Record excerpts:
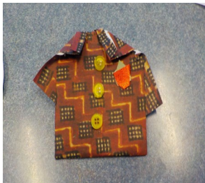
Cards for Fathers/significant other day
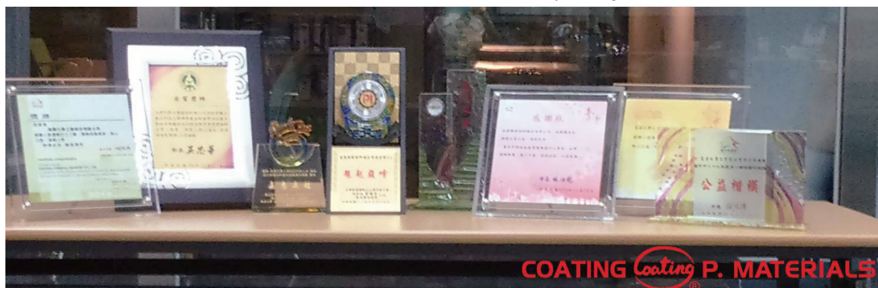
重點獎狀 Main Awards
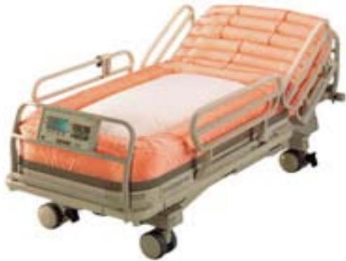
Clinitron Rite-Hite AFT

These support devices use a high flow rate of air to fluidize a fine particulate material, such as silicone ceramic glass beads, to produce a support medium that has characteristics very similar to liquid. This produces lower pressure between patient skin and the support medium by uniformly supporting the patient through air fluidization of glass beads or low-air-loss cushions.
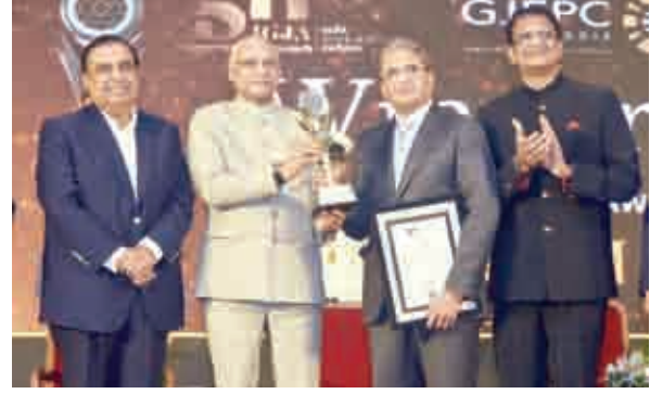
Mumbai, Mar 31:

Polis to the 48 Lok Sabha seats in Maharashtra will be held in five phases between April 19 and May 20 and votes will be counted on June 4.
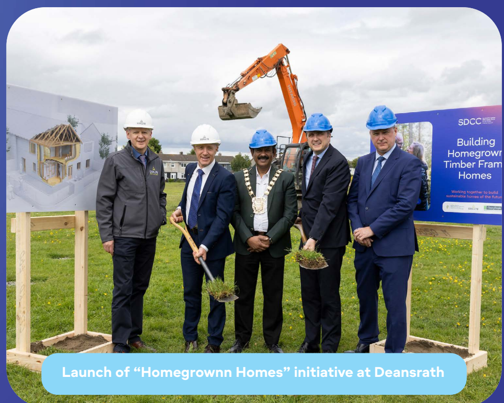
Launch of "Homegrownn Homes" initiative at Deansrath

Funded by the HSE and the Department of Housing, local Government & Heritage under Sláintecare, it offers practical support including guidance on grants, energy upgrades, and entitlements. People can self-refer or be referred for a home visit followed by assessment across six key areas. For more information please see www.agefriendlyireland.ie
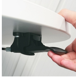
Ergonomically shaped hand release for easy height adjustment
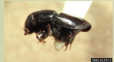
Figure 1. Adult fir engraver beetle showing concave abdomen.

The first indication of attack is reddish brown boring dust in the bark crevices or around the base of green trees during the summer months. Pitch tubes, often seen with some pine bark beetles do not occur with fir engraver. Beneath the bark, horizontal galleries can be observed (Figure 2), which are diagnostic for fir engraver. The concave abdomen of adult beetles (Figure 1) is also diagnostic.
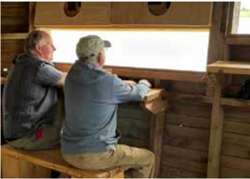
The new Borrow Dyke viewing Arrangements

The Men's Shed have been working with Birdwatch Ireland and have experimented on optimising the window configuration in one position with a view to (no pun intended) rolling out this design to all the other viewing positions if successful. The windows have been lowered, widened, and narrowed and bench seating raised.
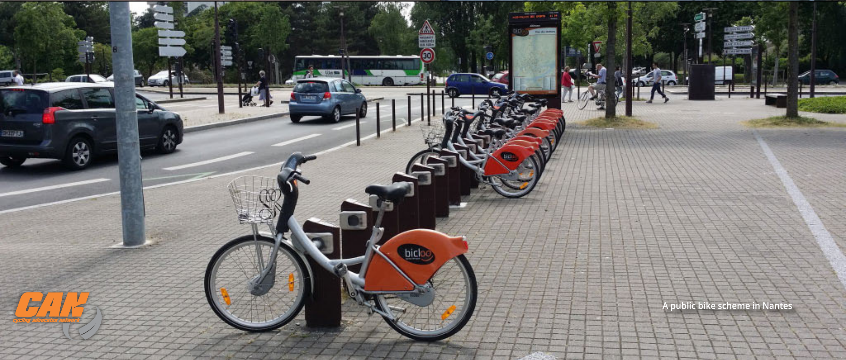
A public bike scheme in Nantes
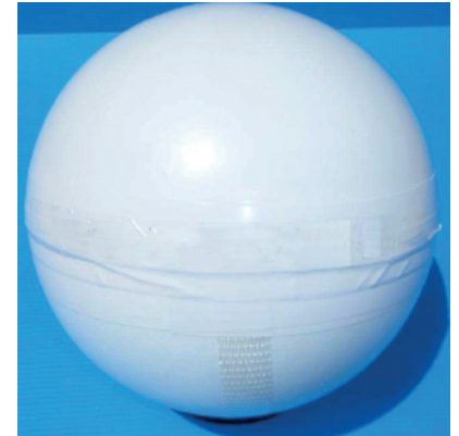
Proven design with no moving parts ensures reliable operation and no power requirements

Note: Due to continuous process improvement, specifications are subject to change without notice
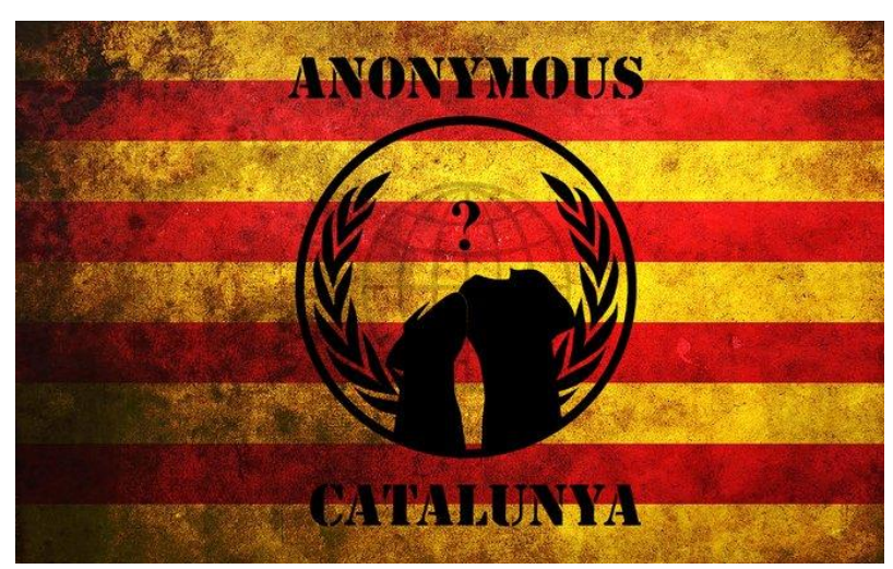
Figure 1: OpCatalunya Banner

Anonymous plans to officially launch phase 4 of Operation Catalunya in support of Catalan independence, at 8pm Central European Time on Thursday, December 21st.

Assignment:
Every line of the listing that includes the word "other" forms the answer.

Written response:
Cards for Fathers/significant other day
The Men's Shed have been working with Birdwatch Ireland and have experimented on optimising the window configuration in one position with a view to (no pun intended) rolling out this design to all the other viewing positions if successful. The windows have been lowered, widened, and narrowed and bench seating raised.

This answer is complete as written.